¿Cómo viven la alimentación las personas con habilidades diferentes? Sin duda, éste es un enfoque de muchas aristas, puesto que en el esfuerzo de nombrar “habilidades diferentes” para referirse a un grupo de la población se pierde especificidad en sus necesidades dependiendo de su condición.

La ausencia de popotes en las bebidas es un tema en tendencia, debido a las iniciativas que han tomado algunas cadenas de cafés, productoras de jugos, entre otras compañías, para reducir el consumo de plástico de los popotes que afecta significativamente nuestro medio ambiente. En medio del debate, en el que aparentemente una gran mayoría está de acuerdo en ir habituándose a restringir el uso de plástico en su vida diaria, surgió un debate sobre la forma en la que personas que están imposibilitadas para beber sin popotes por alguna condición de salud podrán hacerlo sin sentirse discriminadas.

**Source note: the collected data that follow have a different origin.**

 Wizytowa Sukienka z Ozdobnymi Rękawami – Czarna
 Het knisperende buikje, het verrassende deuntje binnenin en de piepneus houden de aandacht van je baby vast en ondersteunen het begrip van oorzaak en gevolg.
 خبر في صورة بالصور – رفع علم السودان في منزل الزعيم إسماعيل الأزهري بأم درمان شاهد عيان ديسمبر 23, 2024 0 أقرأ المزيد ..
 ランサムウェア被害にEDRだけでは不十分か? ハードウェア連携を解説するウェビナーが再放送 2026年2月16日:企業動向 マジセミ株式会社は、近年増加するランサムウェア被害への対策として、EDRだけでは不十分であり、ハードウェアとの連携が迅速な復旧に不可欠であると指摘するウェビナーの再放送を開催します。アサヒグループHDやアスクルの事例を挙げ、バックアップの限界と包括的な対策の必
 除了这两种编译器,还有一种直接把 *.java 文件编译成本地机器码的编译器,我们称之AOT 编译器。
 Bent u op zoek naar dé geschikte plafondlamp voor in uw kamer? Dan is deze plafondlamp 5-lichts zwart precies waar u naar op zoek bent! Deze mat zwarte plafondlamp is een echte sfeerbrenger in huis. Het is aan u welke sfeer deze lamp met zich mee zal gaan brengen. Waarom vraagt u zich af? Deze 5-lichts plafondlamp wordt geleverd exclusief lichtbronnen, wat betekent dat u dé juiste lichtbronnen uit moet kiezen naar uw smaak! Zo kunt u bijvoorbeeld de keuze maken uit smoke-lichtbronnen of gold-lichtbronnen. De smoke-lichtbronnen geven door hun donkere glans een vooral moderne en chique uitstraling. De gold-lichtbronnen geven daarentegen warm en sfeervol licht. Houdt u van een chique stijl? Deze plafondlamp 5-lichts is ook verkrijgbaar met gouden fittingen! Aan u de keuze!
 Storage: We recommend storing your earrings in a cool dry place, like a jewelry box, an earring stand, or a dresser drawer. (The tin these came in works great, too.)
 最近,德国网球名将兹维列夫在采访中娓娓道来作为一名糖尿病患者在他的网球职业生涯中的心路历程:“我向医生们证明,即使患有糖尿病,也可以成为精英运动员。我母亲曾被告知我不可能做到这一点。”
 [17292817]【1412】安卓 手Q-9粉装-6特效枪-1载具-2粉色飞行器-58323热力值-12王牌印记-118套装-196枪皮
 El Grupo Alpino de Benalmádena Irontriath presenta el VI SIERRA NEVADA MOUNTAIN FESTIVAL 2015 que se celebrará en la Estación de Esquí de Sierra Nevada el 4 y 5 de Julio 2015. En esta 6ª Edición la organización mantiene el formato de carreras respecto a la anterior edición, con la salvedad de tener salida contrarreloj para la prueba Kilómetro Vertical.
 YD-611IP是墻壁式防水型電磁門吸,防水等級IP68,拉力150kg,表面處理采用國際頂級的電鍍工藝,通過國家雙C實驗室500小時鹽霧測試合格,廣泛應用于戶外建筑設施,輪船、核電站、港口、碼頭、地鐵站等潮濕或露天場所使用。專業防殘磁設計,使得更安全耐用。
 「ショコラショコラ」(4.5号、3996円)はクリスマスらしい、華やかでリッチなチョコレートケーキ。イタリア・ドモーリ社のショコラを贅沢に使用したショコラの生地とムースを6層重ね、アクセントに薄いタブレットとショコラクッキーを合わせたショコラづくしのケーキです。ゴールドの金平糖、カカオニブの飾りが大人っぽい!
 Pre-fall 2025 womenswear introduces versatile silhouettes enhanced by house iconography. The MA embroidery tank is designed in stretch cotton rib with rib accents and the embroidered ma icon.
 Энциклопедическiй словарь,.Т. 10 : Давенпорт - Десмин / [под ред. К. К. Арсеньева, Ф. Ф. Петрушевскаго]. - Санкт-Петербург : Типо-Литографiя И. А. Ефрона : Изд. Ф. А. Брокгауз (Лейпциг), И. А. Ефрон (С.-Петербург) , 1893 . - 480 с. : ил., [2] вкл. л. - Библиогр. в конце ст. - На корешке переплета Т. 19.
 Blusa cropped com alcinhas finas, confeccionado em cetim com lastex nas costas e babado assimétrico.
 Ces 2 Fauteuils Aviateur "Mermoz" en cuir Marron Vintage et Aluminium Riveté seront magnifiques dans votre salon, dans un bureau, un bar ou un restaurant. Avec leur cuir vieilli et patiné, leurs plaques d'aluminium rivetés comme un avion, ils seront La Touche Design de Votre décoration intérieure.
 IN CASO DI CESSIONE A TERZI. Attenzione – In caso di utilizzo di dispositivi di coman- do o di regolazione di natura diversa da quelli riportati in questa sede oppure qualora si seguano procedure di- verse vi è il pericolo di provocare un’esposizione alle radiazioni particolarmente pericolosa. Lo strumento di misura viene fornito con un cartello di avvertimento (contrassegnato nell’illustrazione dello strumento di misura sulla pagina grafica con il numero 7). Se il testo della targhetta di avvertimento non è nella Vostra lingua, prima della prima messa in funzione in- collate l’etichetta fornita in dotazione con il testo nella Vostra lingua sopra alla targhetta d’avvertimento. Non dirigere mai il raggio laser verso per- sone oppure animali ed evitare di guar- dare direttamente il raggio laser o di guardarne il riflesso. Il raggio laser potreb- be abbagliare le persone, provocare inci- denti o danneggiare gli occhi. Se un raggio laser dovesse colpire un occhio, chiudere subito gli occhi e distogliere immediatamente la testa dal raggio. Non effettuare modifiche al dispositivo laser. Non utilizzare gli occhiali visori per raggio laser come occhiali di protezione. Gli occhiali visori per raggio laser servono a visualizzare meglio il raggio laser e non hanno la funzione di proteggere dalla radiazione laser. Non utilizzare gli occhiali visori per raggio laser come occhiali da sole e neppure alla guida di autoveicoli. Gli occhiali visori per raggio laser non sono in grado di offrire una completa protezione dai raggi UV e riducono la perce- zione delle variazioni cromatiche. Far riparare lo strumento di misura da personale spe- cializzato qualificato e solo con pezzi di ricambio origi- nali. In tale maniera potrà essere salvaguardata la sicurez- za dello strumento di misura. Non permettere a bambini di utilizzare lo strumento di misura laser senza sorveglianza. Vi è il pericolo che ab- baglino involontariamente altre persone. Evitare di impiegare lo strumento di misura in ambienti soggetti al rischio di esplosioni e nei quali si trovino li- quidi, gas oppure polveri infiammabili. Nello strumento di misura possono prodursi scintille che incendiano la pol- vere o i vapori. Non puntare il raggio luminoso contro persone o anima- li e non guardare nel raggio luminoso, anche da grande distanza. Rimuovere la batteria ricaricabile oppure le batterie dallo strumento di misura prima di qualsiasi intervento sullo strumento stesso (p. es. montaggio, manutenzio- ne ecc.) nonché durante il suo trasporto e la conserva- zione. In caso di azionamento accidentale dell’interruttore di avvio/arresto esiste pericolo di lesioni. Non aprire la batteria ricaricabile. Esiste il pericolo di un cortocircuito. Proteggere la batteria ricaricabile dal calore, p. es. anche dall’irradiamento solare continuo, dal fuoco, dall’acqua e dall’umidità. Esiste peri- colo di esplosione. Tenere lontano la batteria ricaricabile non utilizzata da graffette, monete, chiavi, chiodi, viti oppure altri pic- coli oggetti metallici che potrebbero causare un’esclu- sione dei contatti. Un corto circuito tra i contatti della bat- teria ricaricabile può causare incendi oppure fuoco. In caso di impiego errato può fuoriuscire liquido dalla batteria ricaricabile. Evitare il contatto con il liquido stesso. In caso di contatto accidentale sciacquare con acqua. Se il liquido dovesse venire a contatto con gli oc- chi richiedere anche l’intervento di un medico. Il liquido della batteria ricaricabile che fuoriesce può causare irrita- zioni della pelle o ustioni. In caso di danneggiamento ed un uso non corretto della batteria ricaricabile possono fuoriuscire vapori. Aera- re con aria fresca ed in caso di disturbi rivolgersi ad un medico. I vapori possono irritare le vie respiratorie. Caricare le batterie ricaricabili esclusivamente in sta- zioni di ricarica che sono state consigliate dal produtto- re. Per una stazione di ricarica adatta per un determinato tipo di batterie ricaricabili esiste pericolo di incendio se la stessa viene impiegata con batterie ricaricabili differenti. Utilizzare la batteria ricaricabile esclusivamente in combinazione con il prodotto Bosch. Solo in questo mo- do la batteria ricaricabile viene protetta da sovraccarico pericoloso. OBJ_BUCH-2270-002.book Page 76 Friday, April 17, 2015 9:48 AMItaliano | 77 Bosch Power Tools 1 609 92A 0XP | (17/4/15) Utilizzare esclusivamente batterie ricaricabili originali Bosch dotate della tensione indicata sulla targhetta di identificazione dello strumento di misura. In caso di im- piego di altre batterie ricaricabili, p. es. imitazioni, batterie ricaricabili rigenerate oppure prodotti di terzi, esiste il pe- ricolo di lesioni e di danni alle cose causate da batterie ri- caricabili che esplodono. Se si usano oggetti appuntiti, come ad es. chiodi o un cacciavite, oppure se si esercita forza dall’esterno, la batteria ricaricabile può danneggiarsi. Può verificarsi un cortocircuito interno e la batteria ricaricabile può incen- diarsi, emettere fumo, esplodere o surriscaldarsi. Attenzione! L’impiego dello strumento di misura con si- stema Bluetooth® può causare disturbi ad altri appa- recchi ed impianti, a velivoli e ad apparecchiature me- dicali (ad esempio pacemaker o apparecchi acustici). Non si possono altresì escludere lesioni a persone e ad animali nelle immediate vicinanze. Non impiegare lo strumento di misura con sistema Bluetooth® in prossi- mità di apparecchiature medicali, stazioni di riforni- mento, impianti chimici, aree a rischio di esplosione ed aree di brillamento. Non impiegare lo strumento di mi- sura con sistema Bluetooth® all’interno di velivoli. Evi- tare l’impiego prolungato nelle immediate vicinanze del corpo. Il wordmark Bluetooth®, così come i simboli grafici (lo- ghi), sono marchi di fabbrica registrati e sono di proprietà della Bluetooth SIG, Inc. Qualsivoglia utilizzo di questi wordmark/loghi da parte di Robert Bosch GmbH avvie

De la misma manera, algunas voces se han alzado por la forma en la que lugares públicos de consumo de alimento tendrían que tener cada vez más y mejores consideraciones sobre las capacidades diferentes de personas a las que les es imposible ver un menú o escuchar las diferentes opciones por parte del mesero. Son actos simples y cotidianos en los que no reflexionamos lo suficiente sobre cómo contar con menús para débiles visuales puede hacer la diferencia en la autonomía e inclusión de muchísimas personas. El debate del popote sin duda arrojó nuevas interrogantes sobre las formas en las que estas situaciones deberían ser confrontadas.

La comida estimula de manera significativa todos los sentidos. Sabemos por investigaciones científicas que, ante la disminución de la función de uno de ellos, los otros se exacerban para compensar esa falta. Por este hecho, se tiran por la borda algunos mitos como que la buena comida (cualquiera que sea su connotación o lo que esto signifique) es un placer reservado para quienes tienen un afinado sentido del gusto o del olfato, por ejemplo. En este sentido, no existe razón ni fisiológica ni social para dejar de considerar y repensar formas en las que las personas con capacidades diferentes merecen mayor inclusión en las actividades del día a día, que incluyen, evidentemente, el hecho de alimentarse. Tener opciones que faciliten estos hechos da un mayor poder de decisión a alguien que originalmente no tendría por qué haberlo perdido sólo por tener una capacidad disminuida.

En este sentido, sin duda el hecho de reducir el plástico no está peleado con personas que no puedan beber directamente de un vaso. Existen evidentemente alternativas, como la utilización de un popote reusable en metal que puedan traer consigo siempre. El enfoque de este hecho debería ser cuestionarnos hasta qué punto estamos lejos de la inclusión en la realización de las actividades que para algunos pueden parecer de lo más cotidianas y banales, pero para otros marcan una diferencia significativa no sólo en su autonomía sino en su capacidad y poder de decisión. Es tarea de la sociedad civil repensar cómo, desde cada una de nuestras trincheras, podemos crear condiciones favorables a ellos que, en ocasiones, ni siquiera significan una mayor inversión de dinero.

Queda también pendiente investigar cómo estos cambios son percibidos, vividos e incorporados por todas las personas involucradas en hacer espacios públicos, como los lugares de consumo de comida, más incluyentes en la práctica y no sólo en la leyenda a la entrada de la puerta.